I’m not sure I’d agree with some of Katy’s criticisms. What’s emerged as a “traditional ARG” has basically consistently turned out to be very engaging for a tiny number of users, very costly to run, and usually exhausting for all concerned. They’re difficult to sustain and few companies ever go for a second ARG.

So a “campaign you can interact with” is a much more realistic interpretation of an ARG, you could argue: it requires far less involvement to get people in, meaning that your advertising dollar reachers more end users; it doesn’t require too much of a long term committment; it’s not community driven, meaning people can have the experience on their own, without having to invest time in building new relationships; whilst it’s interactive, it’s a constrained form of interaction, meaning it’s easier to control and keep on the rails.

The one thing it does have in common with an ARG is that it’s timeboxed: it runs for six weeks. Want to play it after those six weeks? Tough. That’s actually one of the biggest problems facing ARGs: getting away from that timeboxed nature.

So whilst it’s not the bleeding edge of ARG design, it’s probably a much more practical decision for an advertising division on Nokia: it’s less of a loss-leader than another Beast or ILoveBees; it’s engaging a broader degree of consumers but at a shallower level; it’s an order of magnitude or three less complex than a full-blown ARG.

I’m not necessarily convinced by the implementation, but I don’t think the lack of scope is reason for criticism per se; if anything, the “simple ARG” is perhaps harder to get right than the long, complex narrative that you can fix in retcon later on.
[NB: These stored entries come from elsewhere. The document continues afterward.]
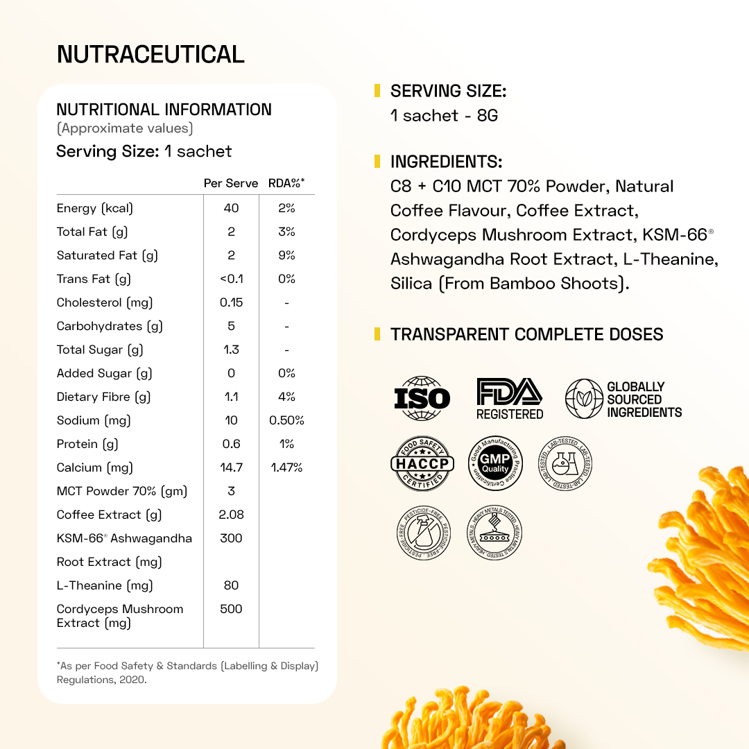 Apart from the exceptional benefits of 500mg Cordyceps, here are the heroes that enhance the overall experience of this Shroom Coffee:
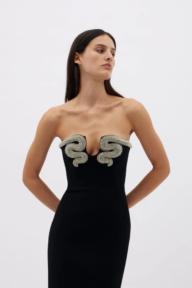 Virginia Kristal Taşlı Straplez Polyester Maxi Elbise
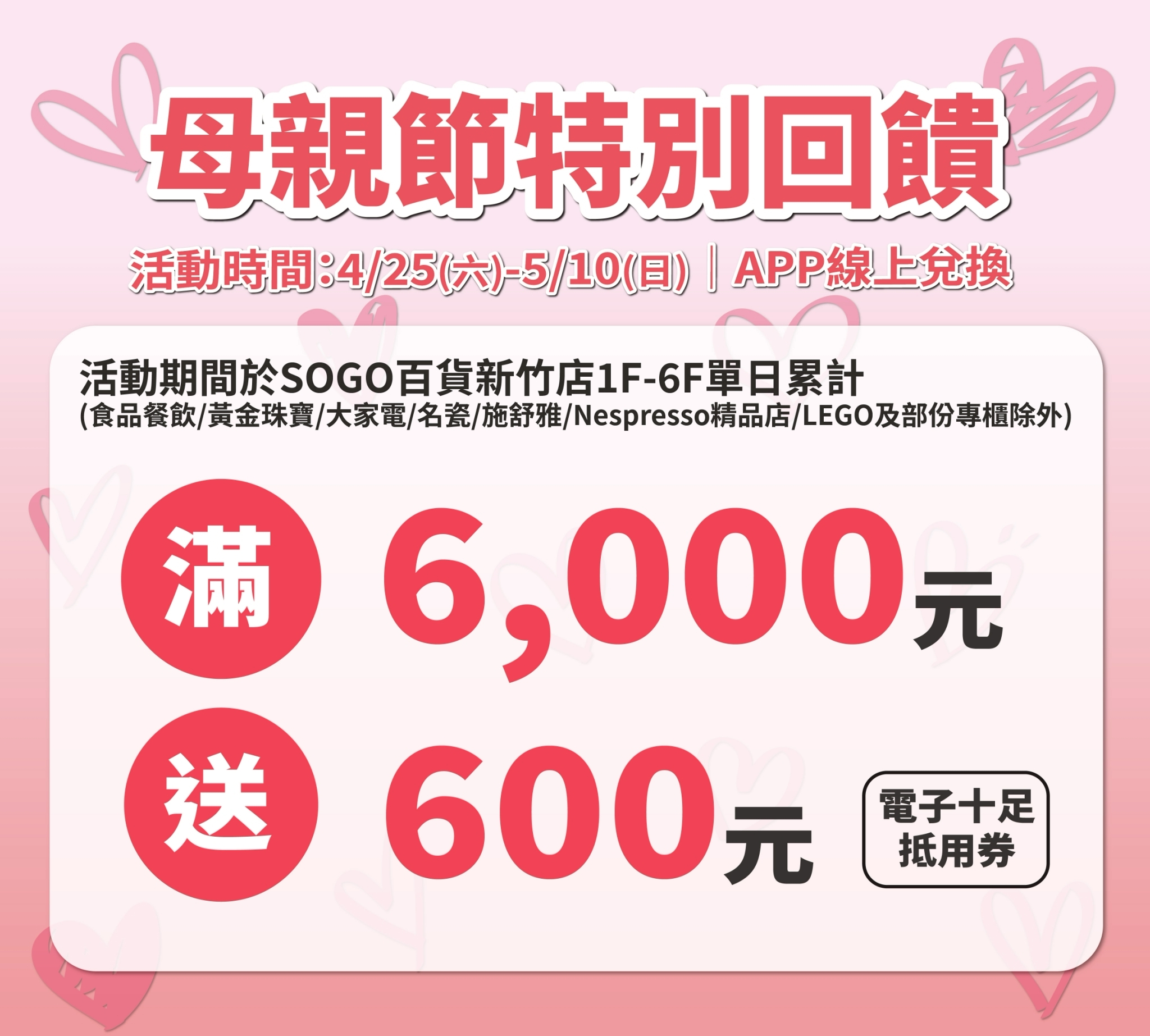 新竹SOGO店長祝平政表示,今年母親節檔期已不只是節慶消費,而是上半年家庭支出規劃的重要節點。新竹SOGO啟動多重回饋,讓顧客可以在價格相對穩定的時期完成關鍵採購,推出扣快樂購點數200點換100元購物金,每人可換5張,限量1萬張,4月17日11點SOGO APP線上開搶;百貨服飾單日累計滿6,000元送600元、大家電單筆滿10,000元送1,000元、珠寶/名瓷/施舒雅/冷氣空調單筆滿10,000元送500元。

The upfront budget – advertising, filming, media costs – here is bigger than most ARGs; the running cost is smaller. That sounds like a sensible way of keeping costs where you’re in control of them.

And so I think I’d argue that it’s actually more innovative than throwing a massive ARG budget at the problem: they’re trying to learn from ARGs to see what an affordable, practical interactive campaign, made by advertising/digital media agencies (rather than ARG agencies) might look like. That’s got to be worth a point or two.